▶ _TASK DIRECTIONS_
Images should be omitted while the rest of the data is duplicated exactly.

▶ _SUPPLIED MATERIAL_
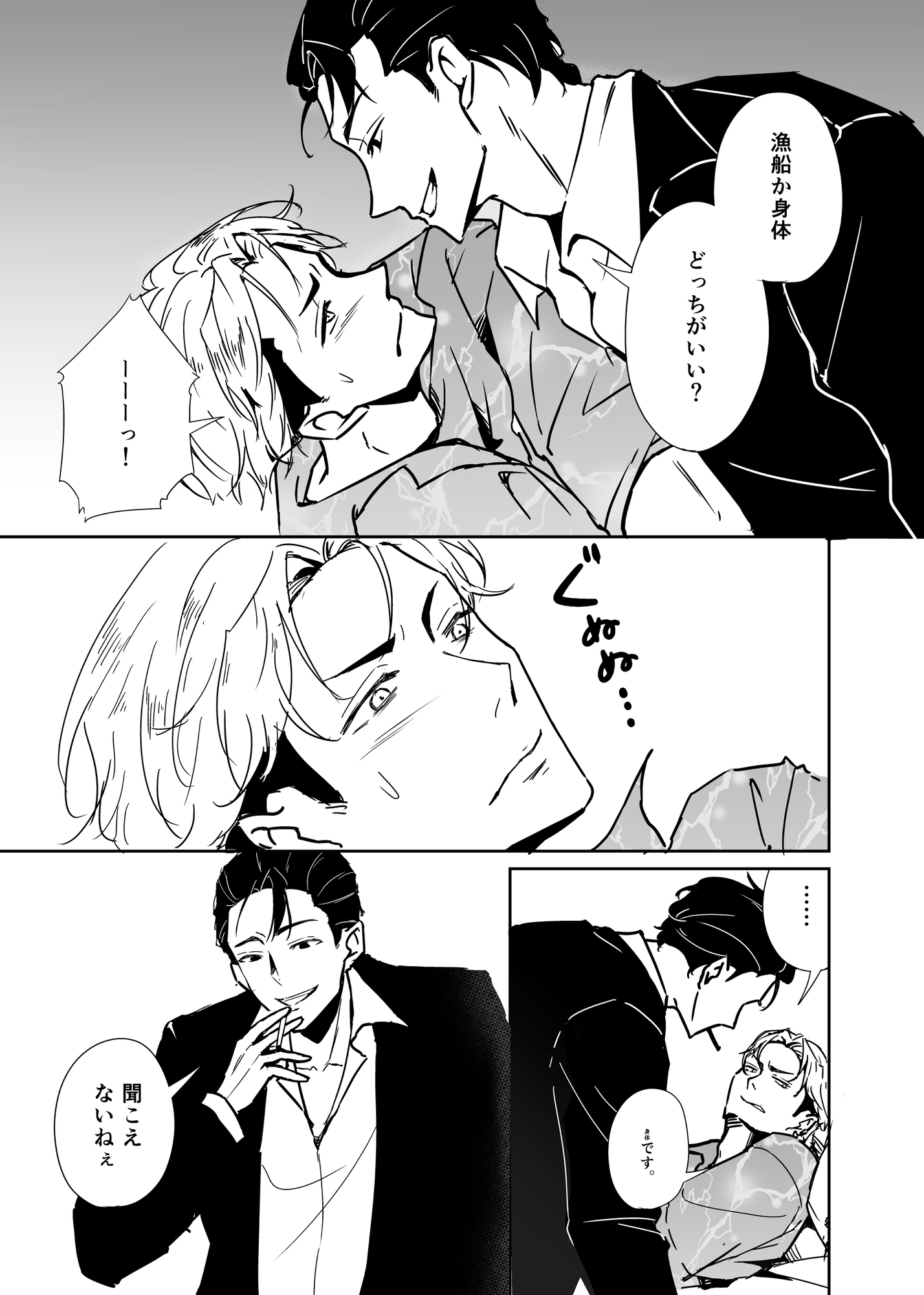 クズ×クズ! ギャンブルで多額の借金を背負った男の前に現れた男。「漁船か、それとも身体か」逃げ場を失い、屈辱的な選択を迫られる。支配と屈服の中で、でも身体は正直で――――借金で繋がる関係の物語。
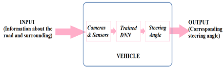 The trained DNN has trained on similar images of different roads with labeled information which is always corresponding steering angles. So, once the DNN was trained and tested on numerous road images and corresponding steering angles it was employed in the field and hence will be able to successfully predict the steering angle for the input image present on its nodes [10].
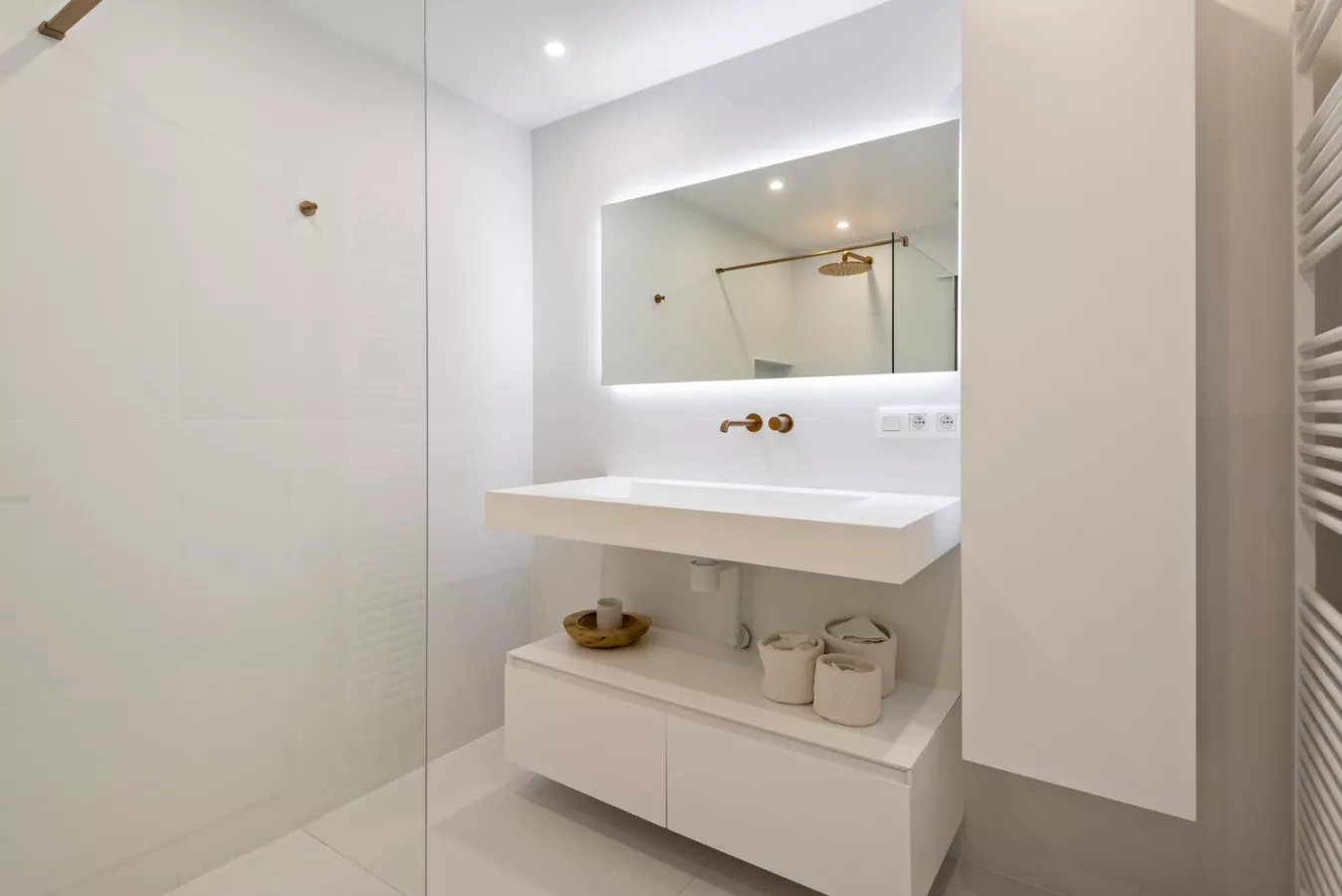 De studio beschikt nog over een badkamer voorzien van een hangtoilet, lavabo, douche en handdoekendroger en een wasplaats.

▶ _RESPONSE BOX_
 クズ×クズ! ギャンブルで多額の借金を背負った男の前に現れた男。「漁船か、それとも身体か」逃げ場を失い、屈辱的な選択を迫られる。支配と屈服の中で、でも身体は正直で――――借金で繋がる関係の物語。
 The trained DNN has trained on similar images of different roads with labeled information which is always corresponding steering angles. So, once the DNN was trained and tested on numerous road images and corresponding steering angles it was employed in the field and hence will be able to successfully predict the steering angle for the input image present on its nodes [10].
 De studio beschikt nog over een badkamer voorzien van een hangtoilet, lavabo, douche en handdoekendroger en een wasplaats.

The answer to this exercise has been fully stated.